# Back from dealer; still have idle problem



## toddkageals (May 5, 2003)

Guys,

I said I would keep the board updated in my original thread so for those of you following this issue, here goes:

I took the car (2000 328i) in for service about six weeks ago and was told that BMW was working on DME reprogramming to fix a cold idle/stall/surging problem and that I would have to bring the car back once the dealership's machine had been updated. I took it back today and they said that "the reprogramming was ineffective". Meaning that they reprogrammed the DME but the idle problem is still there. The SA said that he called BMW and they said they were aware of the continuing problem and that they were working on a third reprogramming to fix it. He said it should be ready in about a month or so (same thing they told me last time). I'm losing confidence that this problem will get fixed. They DID replace the leather cover on the passenger seat that had the black color rubbed off of the side bolster. It was a very small abrasion, I was shocked that they agreed to do it but they did. They also replaced the two trim panels around the seat belt slots (where they enter the pillar) because they were showing wear from the seatbelt dragging on the edge of the slot. In addition, they also replaced the burned out high beam light bulb and tightened/repositioned some heat shields in the engine compartment that would occasionlly vibrate. All of this was covered under warranty. The warranty expires next month. The SA assured me that they would continue to work on the problem until it was fixed even after the warranty expires since I brought it to them while it was still covered.

They seem to be trying to fix it but I wonder if they just have no idea what's wrong with it so they keep telling me about a reprogramming?????


For those not familiar, here are my idle symptoms:

1. When engine is cold/partially warm, the idle will drop to near stall and then bounce up to about 1200 RPM. Sometimes it will cycle up and down like that for a while, sometimes it just stalls when it drops instead of bouncing back up.

2. Back in the summer it did nearly the same thing as #1 a couple of times when the A/C was on and I would come to a stop.

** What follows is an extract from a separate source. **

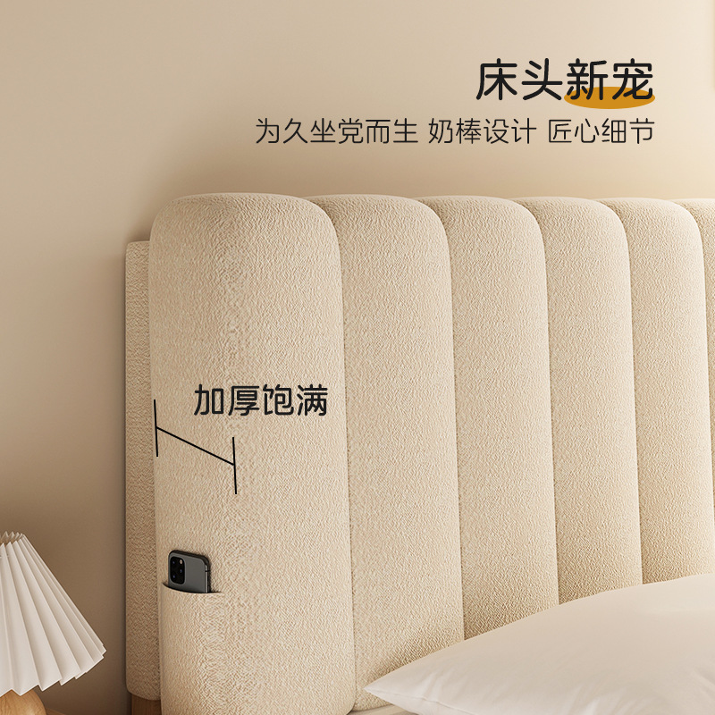 クリーム風のベッドの上に柔らかいクッションがあります。ベッドの上の背もたれは分解して洗濯できます。

3. The engine speed almost always drops to 300 or 400 RPM before bouncing back to about 800 and then settling at 600 RPM, even when fully warm.

Anyone with any advice here?

Todd


----------



## toddkageals (May 5, 2003)

The HACK said:


> Switch to Chevron with Techron, and run it exclusively for at least 5 full tanks.


Hmmmmm....I've been considering doing that anyway as I've heard that Techron is the best cleaner. Problem is, it's hard to find a Chevron around here! Any benefit from running a bottle of Techron fuel system cleaner through it? FWIW I ALWAYS use Amoco premium. I have never (well....maybe just a few gallons in an emergency) used anything other than Amoco (no off brand, cheap stuff, etc.).

Todd


----------



## Kaz (Dec 21, 2001)

Has the dealer checked any/all of the engine sensors? These should all show up in diagnostics, though. The engine is pretty resiliant in that failed sensors will still allow the engine to run by either substituting fixed values or calculating values based on other working ones, but because they're all less than ideal, behavior like this can occur.


----------



## toddkageals (May 5, 2003)

Kaz said:


> Has the dealer checked any/all of the engine sensors? These should all show up in diagnostics, though. The engine is pretty resiliant in that failed sensors will still allow the engine to run by either substituting fixed values or calculating values based on other working ones, but because they're all less than ideal, behavior like this can occur.


Well.....as with most modern machines, if the computer does not say anything is wrong, nothing is wrong  . What I mean is that they have checked for fault codes (first thing they did) and did not find any (other than the gas cap fault code from where I filled the tank with the engine still running...I assume).

Todd

PS. I guess I should have mentioned somewhere that the car is a manual and has 35,000 miles on it. Oh yeah....I was thankful for the loaner car but it was a metallic pea oldsmobuick something or other :rofl: .


----------



## eksath (Apr 4, 2003)

Havent had this problem with any e46 but I did have idling problems with a Nissan. The fault was the fuel filter....new fuel filter solved that after 2 years of diagnosis by various mechanics


----------



## routesixtysixer (May 2, 2003)

Yeah, sounds like fuel pressure regulator malfunction.....


----------



## toddkageals (May 5, 2003)

routesixtysixer said:


> Yeah, sounds like fuel pressure regulator malfunction.....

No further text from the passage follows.